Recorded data
--- START ---

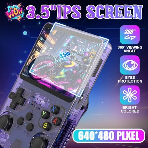 KUWUNG - GHAZAL R36S Handheld Game Console, Retro R36S Game Console with 64G Built-in 15000+ Classic Games, Open Source Linux System 3.5 Inch IPS Screen Portable Games Consoles for Teens and Adults (Purple)
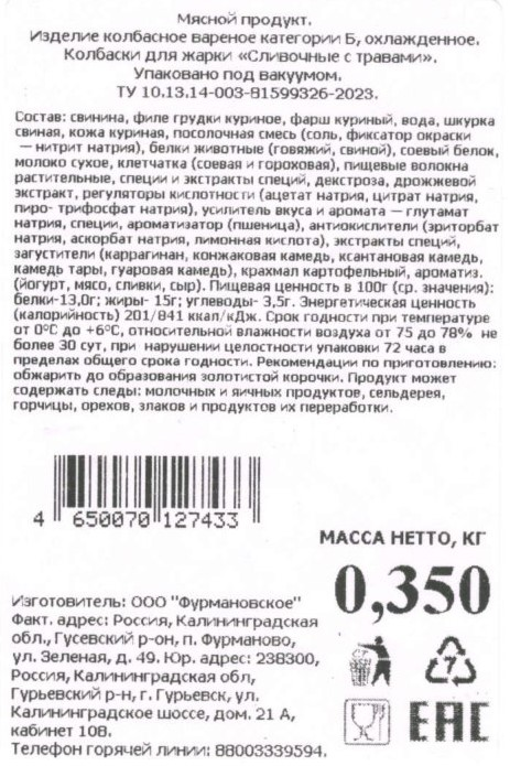 Колбаски для жарки Dolgovgroup сливочные с травами вареные охлажденные, 350г
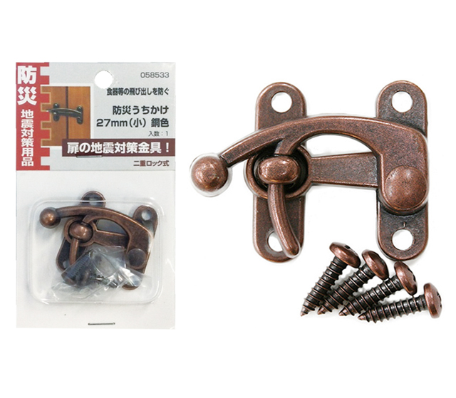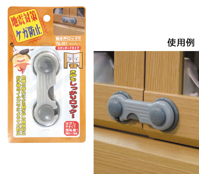 地震の時に食器棚などの扉を開かないようにし、食器などの飛び出しを防ぎます。二重ロック式なので、地震による揺れでロックがはずれる心配もありません。付属品:取付ネジ
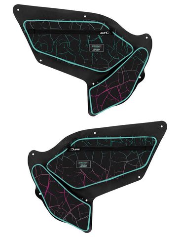 Protect your knees and add storage to your factory doors with these these PRP x Shreddy special edition Front Door Bags with Knee Pad for Polaris PRO XP, PRO R, Turbo R. These bags are great for holding onto the extra items you need while you ride. Conveniently located right next to you on the door (so you can still access them while strapped in). Made from durable, puncture resistant, and water resistant materials. The lower storage compartment contains a thick foam cushion to protect your knees from banging against the door in rough terrain. Or if you want, remove this foam piece, and use the space as another storage compartment. Each bag is designed to perfectly fit inside the factory PRO XP, PRO R, Turbo R stock doors - Simply remove the door skin, and reinstall it with the bag between the door frame and skin. Re-uses all factory hardware. Fits 2 Door and 4 Door Models (Front Doors only). Works both with or without the Polaris factory lower door inserts. Sold as a pair (Driver and Passenger).
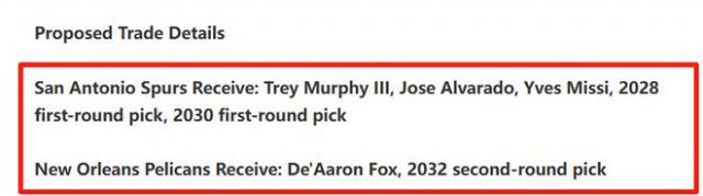 交易方案如下:圣安東尼奧馬刺隊(duì)獲得特雷?墨菲三世、何塞?阿爾瓦拉多、伊夫?米西以及2028年首輪選秀權(quán)、2030年首輪選秀權(quán);新奧爾良鵜鶘隊(duì)收到??怂古c2032年次輪選秀權(quán)。對于馬刺隊(duì),這一方案很有吸引力。特雷?墨菲三世、何塞?阿爾瓦拉多和伊夫?米西能為球隊(duì)輪換陣容帶來積極影響,而兩個(gè)首輪選秀權(quán)更為重要,為球隊(duì)年輕核心升級(jí)提供機(jī)會(huì),也讓球隊(duì)在未來交易中有更多主動(dòng)權(quán)。
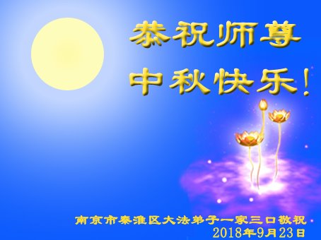 中秋佳節即將到來,我們祝您節日愉快!在過去的修煉中,師尊為我們的修煉操盡了心。在您的慈悲保護下,我們才能堅持走到今天。現在我們逐漸懂得了甚麼是實修,在所剩不多的修煉時間裏,我們會勇猛精進,做好三件事,完成我們的史前大願,不辜負師尊的慈悲苦度。
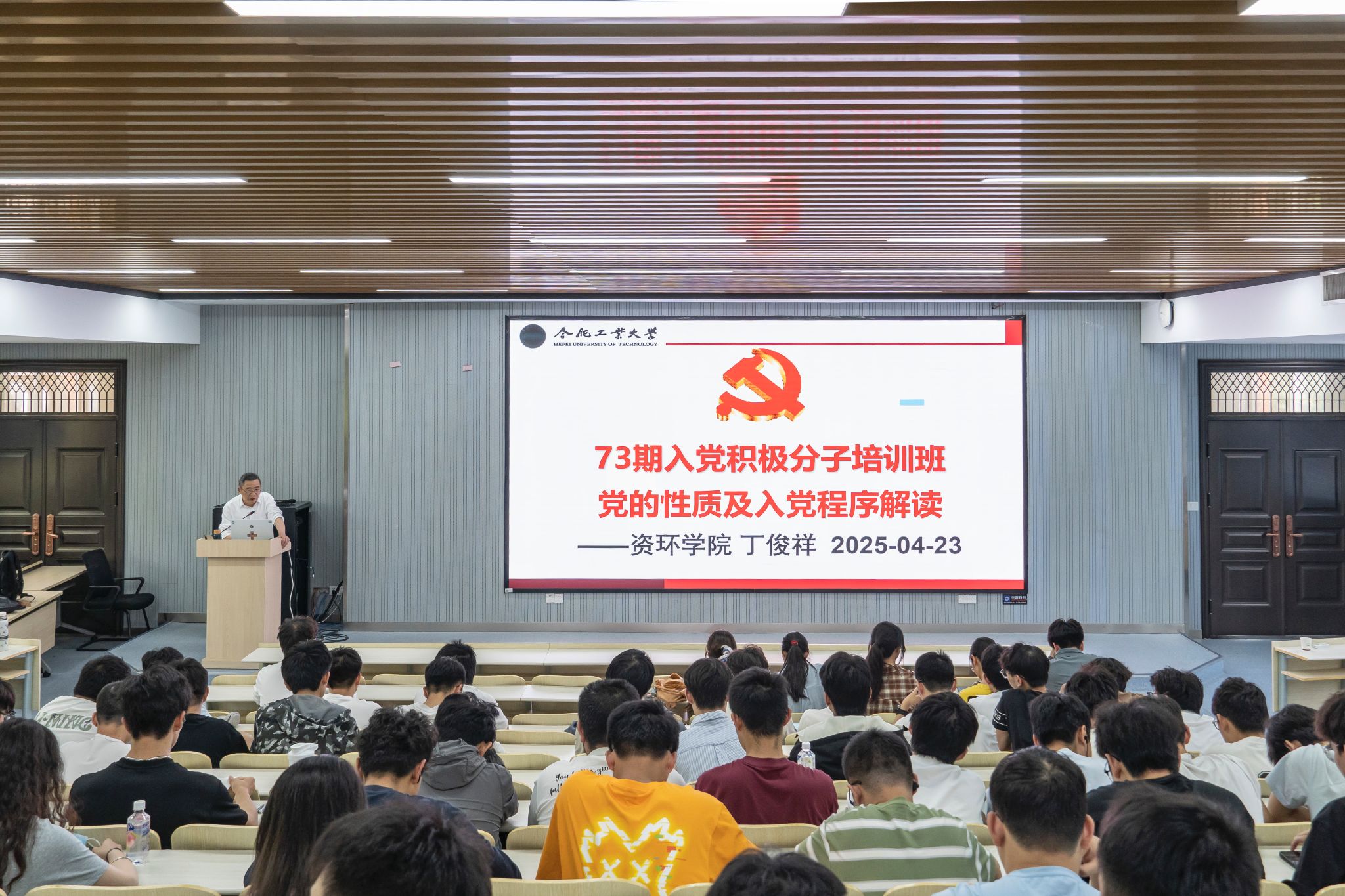 4月23日,365best体育亚洲官网第73期入党积极分子班在西教301报告厅开展专题党课,邀请学院原党委副处级组织员丁俊祥主讲,第73期入党积极分子全体学员参加学习。
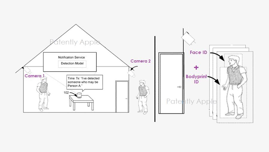 24 日消息,根据国外科技媒体 Patently Apple 报道,苹果近日获得了一项门前安全摄像头的设计专利。根据专利描述,该摄像头系统具备人脸识别功能,可与 HomePod mini、Smart TV+ 进行通信。
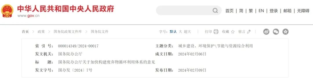 春節(jié)前夕,國務(wù)院辦公廳發(fā)布《關(guān)于加快構(gòu)建廢棄物循環(huán)利用體系的意見(點(diǎn)擊閱讀政策原文)》(國辦發(fā)〔2024〕7號(hào),以下簡(jiǎn)稱《意見》)。
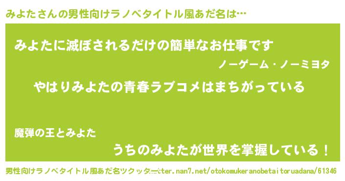 | 意味不明あだ名 | 『みよたフォーエバー』『自称みよた』 |
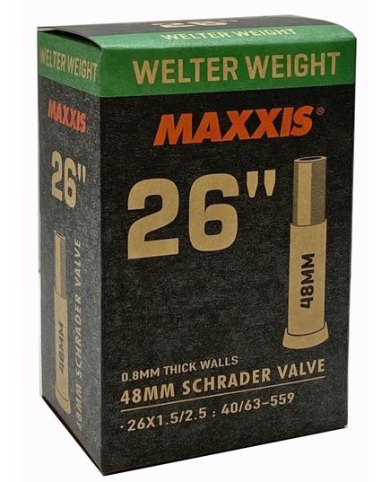 Камера Maxxis Welter Weight 26x1.5/2.5 - це надійна і універсальна камера, розроблена для велосипедів з колесами 26". Вона поєднує в собі баланс міцності та помірної ваги, що робить її підходящим вибором для активного катання: від міських поїздок до стійких до трейлових маршрутів. Стінка камери механічних пошкоджень, при цьому не додаючи зайвої ваги велосипеду.
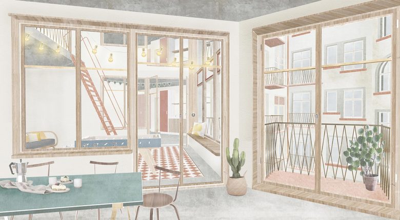Das fertig gebaute Wohnhaus für Studierende erhält in seiner Mitte einen lebendigen und gemeinschaftlichen Schwerpunkt. Die Wohnräume und Küchen der Wohngemeinschaften wachsen, den schmalen Hof überspannend, zu einer grossen gemeinschaftlichen Zone zusammen.
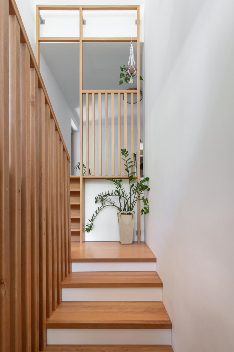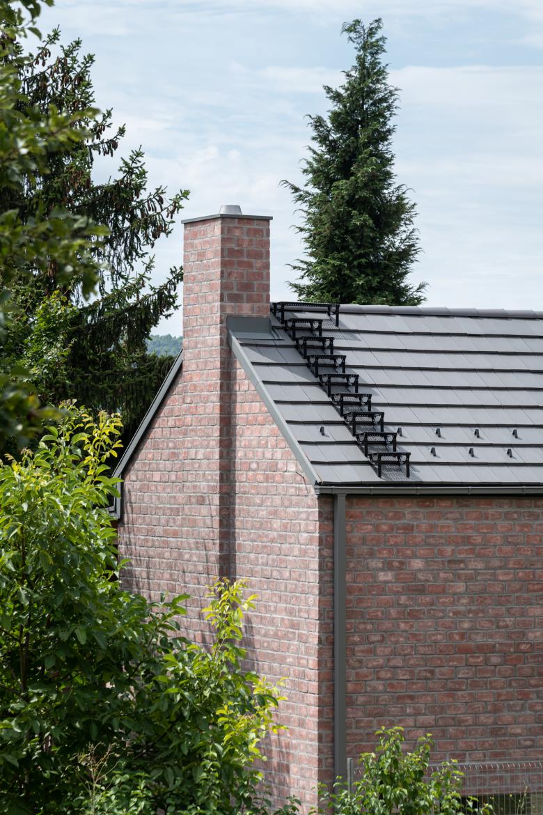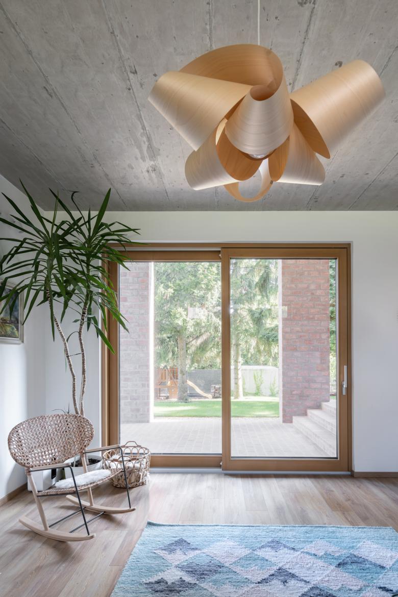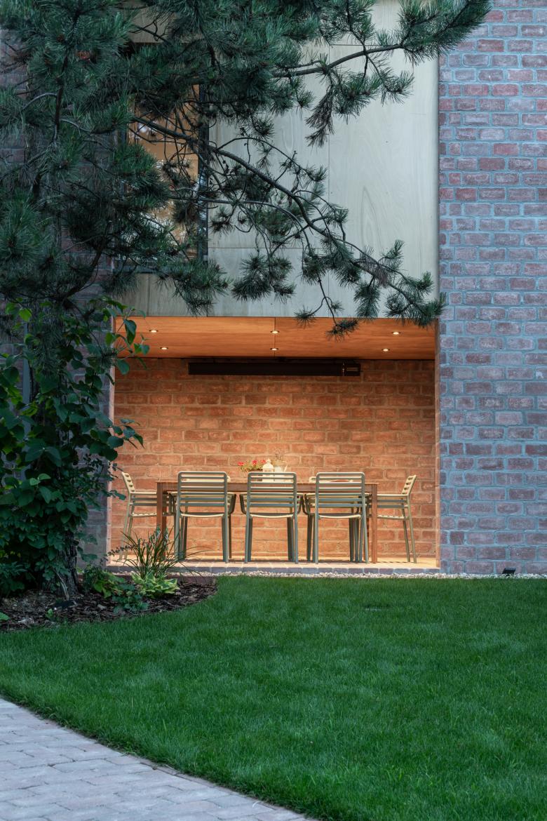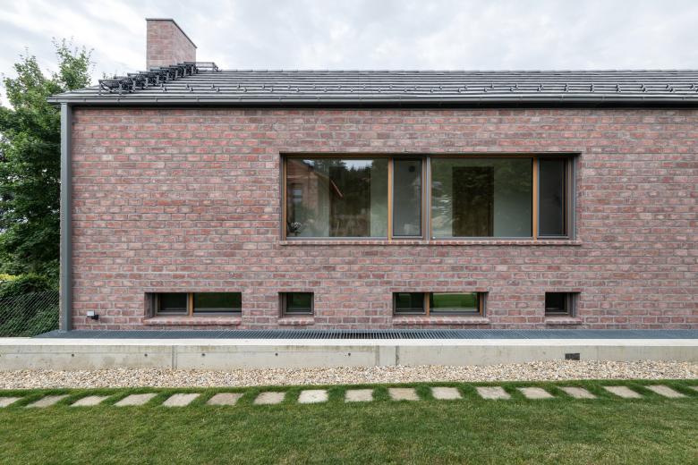The house stands on a sloping hillside scattered with pinetrees, in the town of Nagykovácsi. The main architectural element is the two-storey high semi-open porch attached to the southern side of the building. The five robust brick pillars of the porch stand in contrast with the floaty wooden boxes incorporating the balcony and the work-room seeming to levitate between them. The porch has an important role acting as a shading system thus contributing to a balanced indoor climate. Furthermore it offers ideal setting for outdoor family life all year long whether functioning as a playground for the kids or sheltering populous family gatherings.

--- END ---

BRIEF:
Working down from the line with "Das fertig gebaute", copy each line exactly until the last line of the entries, which is also included. Omit the pictures.

COMPLETED EXERCISE:
Das fertig gebaute Wohnhaus für Studierende erhält in seiner Mitte einen lebendigen und gemeinschaftlichen Schwerpunkt. Die Wohnräume und Küchen der Wohngemeinschaften wachsen, den schmalen Hof überspannend, zu einer grossen gemeinschaftlichen Zone zusammen.
The house stands on a sloping hillside scattered with pinetrees, in the town of Nagykovácsi. The main architectural element is the two-storey high semi-open porch attached to the southern side of the building. The five robust brick pillars of the porch stand in contrast with the floaty wooden boxes incorporating the balcony and the work-room seeming to levitate between them. The porch has an important role acting as a shading system thus contributing to a balanced indoor climate. Furthermore it offers ideal setting for outdoor family life all year long whether functioning as a playground for the kids or sheltering populous family gatherings.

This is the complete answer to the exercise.